━━ Available data ━━
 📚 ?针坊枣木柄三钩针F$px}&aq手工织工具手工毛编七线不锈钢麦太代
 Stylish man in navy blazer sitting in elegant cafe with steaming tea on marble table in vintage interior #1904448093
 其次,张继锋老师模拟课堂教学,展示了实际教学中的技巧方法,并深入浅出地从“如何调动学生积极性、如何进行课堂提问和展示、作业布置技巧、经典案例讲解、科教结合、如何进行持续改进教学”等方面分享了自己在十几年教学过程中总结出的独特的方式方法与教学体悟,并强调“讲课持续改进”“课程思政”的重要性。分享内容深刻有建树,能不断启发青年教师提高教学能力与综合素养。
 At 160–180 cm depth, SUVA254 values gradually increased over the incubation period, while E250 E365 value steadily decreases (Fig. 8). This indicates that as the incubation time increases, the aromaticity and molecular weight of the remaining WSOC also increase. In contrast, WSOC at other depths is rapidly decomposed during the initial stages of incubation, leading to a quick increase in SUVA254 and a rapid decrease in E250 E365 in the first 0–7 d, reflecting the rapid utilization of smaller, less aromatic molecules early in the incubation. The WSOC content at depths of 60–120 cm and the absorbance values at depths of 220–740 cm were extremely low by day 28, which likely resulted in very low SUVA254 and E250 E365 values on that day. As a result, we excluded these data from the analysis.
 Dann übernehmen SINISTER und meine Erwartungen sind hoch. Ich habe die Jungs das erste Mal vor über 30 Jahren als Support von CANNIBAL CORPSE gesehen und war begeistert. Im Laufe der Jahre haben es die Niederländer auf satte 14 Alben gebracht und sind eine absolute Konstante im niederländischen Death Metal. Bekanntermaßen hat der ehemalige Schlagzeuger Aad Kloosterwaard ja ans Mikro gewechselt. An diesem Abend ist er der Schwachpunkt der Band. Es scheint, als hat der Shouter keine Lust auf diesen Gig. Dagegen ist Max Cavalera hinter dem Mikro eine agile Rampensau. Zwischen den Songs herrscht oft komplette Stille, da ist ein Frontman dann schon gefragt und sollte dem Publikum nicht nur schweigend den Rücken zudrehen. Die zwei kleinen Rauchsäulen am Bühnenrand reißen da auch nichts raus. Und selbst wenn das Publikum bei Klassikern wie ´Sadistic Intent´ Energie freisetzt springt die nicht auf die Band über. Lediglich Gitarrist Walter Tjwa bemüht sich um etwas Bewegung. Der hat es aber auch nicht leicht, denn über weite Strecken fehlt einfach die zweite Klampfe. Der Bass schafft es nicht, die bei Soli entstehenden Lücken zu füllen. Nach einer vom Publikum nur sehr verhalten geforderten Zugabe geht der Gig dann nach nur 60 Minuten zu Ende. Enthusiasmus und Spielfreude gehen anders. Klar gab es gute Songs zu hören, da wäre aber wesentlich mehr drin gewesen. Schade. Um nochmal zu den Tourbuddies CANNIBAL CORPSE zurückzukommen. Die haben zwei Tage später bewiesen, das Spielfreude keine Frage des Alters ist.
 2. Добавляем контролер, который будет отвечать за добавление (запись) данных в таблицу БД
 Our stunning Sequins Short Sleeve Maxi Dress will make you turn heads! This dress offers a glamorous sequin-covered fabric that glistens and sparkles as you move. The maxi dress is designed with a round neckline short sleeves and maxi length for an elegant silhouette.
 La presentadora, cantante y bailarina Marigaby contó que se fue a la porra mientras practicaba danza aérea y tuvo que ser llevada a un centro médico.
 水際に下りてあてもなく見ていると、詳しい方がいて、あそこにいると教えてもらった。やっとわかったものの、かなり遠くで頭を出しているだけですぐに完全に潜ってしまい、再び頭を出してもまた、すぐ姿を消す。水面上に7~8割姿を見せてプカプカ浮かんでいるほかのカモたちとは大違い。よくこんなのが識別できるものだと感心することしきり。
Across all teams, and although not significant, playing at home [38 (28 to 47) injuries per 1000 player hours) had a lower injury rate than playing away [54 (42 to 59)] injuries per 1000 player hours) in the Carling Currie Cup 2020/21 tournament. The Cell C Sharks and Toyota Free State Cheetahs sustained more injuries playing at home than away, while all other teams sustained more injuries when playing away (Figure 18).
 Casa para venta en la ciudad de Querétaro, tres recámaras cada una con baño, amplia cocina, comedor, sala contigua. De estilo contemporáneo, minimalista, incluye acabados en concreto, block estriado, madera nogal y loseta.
━━━
- [Task to complete] Word for word, quote the lines of the material from the first line through the line with "其次,张继锋老师模拟课堂教学", both ends included.

- [Answer box]
 📚 ?针坊枣木柄三钩针F$px}&aq手工织工具手工毛编七线不锈钢麦太代
 Stylish man in navy blazer sitting in elegant cafe with steaming tea on marble table in vintage interior #1904448093
 其次,张继锋老师模拟课堂教学,展示了实际教学中的技巧方法,并深入浅出地从“如何调动学生积极性、如何进行课堂提问和展示、作业布置技巧、经典案例讲解、科教结合、如何进行持续改进教学”等方面分享了自己在十几年教学过程中总结出的独特的方式方法与教学体悟,并强调“讲课持续改进”“课程思政”的重要性。分享内容深刻有建树,能不断启发青年教师提高教学能力与综合素养。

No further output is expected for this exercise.